** RECORDS PROVIDED follows **
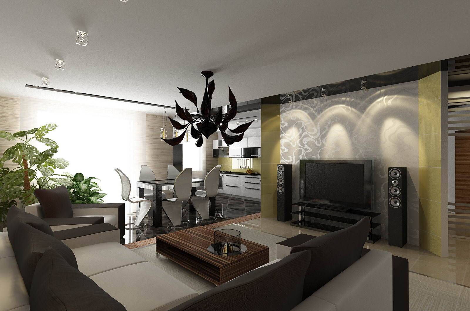 Модный интерьер кухни-гостиной в квартире
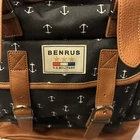 The BENRUS Scout Backpack in navy blue and white features a unique anchor pattern, making it a stylish choice for both men and women. Made from cloth and faux leather, this large backpack offers a magnetic closure and a drawstring for added security. The adjustable straps provide comfort while the fully lined interior allows for easy cleaning. With its military-inspired design and colorful theme, this backpack is both practical and fashionable, perfect for everyday use or outdoor adventures.
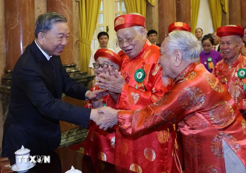 Chủ tịch nước Tô Lâm với người cao tuổi tiêu biểu. (Ảnh: Nhan Sáng/TTXVN)
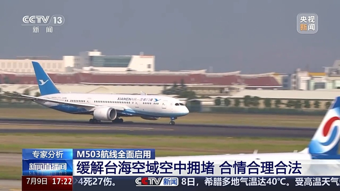 交通运输部民航局7月6日宣布,为进一步优化空域环境、提升运行效率,即日起启用M503航线W121衔接线。至此,时隔十年,贯穿台湾海峡的M503航线终于实现预先规划、全面使用。此条航线对我国东南沿海海上航路以及两岸航运有哪些重要作用?我们为何在这个时间点全面启动M503航线,释放出什么信号,又为何触动了台湾当局的敏感神经?来看专家解读。
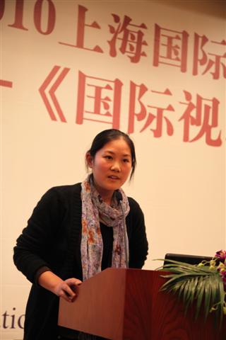 08级研究生田玉晶作为国际化教学的受益者上台演讲,她介绍了自身参与的一些国际合作项目,并表示国际化办学让她提升了专业视野拔升课专业高度、激发了同学们的创作欲望和寻找新优势的动力更提高了同学的时间能力、增强了就业竞争力。
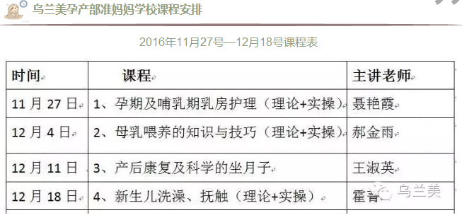 【通知】烏蘭美孕產部準媽媽學校課程通知發(fā)布時間: 2016-11-25 -
** End of RECORDS PROVIDED **
- WHAT IS EXPECTED -
Give back each entry exactly as it appears, with no pictures.

- EXERCISE SOLUTION -
 Модный интерьер кухни-гостиной в квартире
 The BENRUS Scout Backpack in navy blue and white features a unique anchor pattern, making it a stylish choice for both men and women. Made from cloth and faux leather, this large backpack offers a magnetic closure and a drawstring for added security. The adjustable straps provide comfort while the fully lined interior allows for easy cleaning. With its military-inspired design and colorful theme, this backpack is both practical and fashionable, perfect for everyday use or outdoor adventures.
 Chủ tịch nước Tô Lâm với người cao tuổi tiêu biểu. (Ảnh: Nhan Sáng/TTXVN)
 交通运输部民航局7月6日宣布,为进一步优化空域环境、提升运行效率,即日起启用M503航线W121衔接线。至此,时隔十年,贯穿台湾海峡的M503航线终于实现预先规划、全面使用。此条航线对我国东南沿海海上航路以及两岸航运有哪些重要作用?我们为何在这个时间点全面启动M503航线,释放出什么信号,又为何触动了台湾当局的敏感神经?来看专家解读。
 08级研究生田玉晶作为国际化教学的受益者上台演讲,她介绍了自身参与的一些国际合作项目,并表示国际化办学让她提升了专业视野拔升课专业高度、激发了同学们的创作欲望和寻找新优势的动力更提高了同学的时间能力、增强了就业竞争力。
 【通知】烏蘭美孕產部準媽媽學校課程通知發(fā)布時間: 2016-11-25 -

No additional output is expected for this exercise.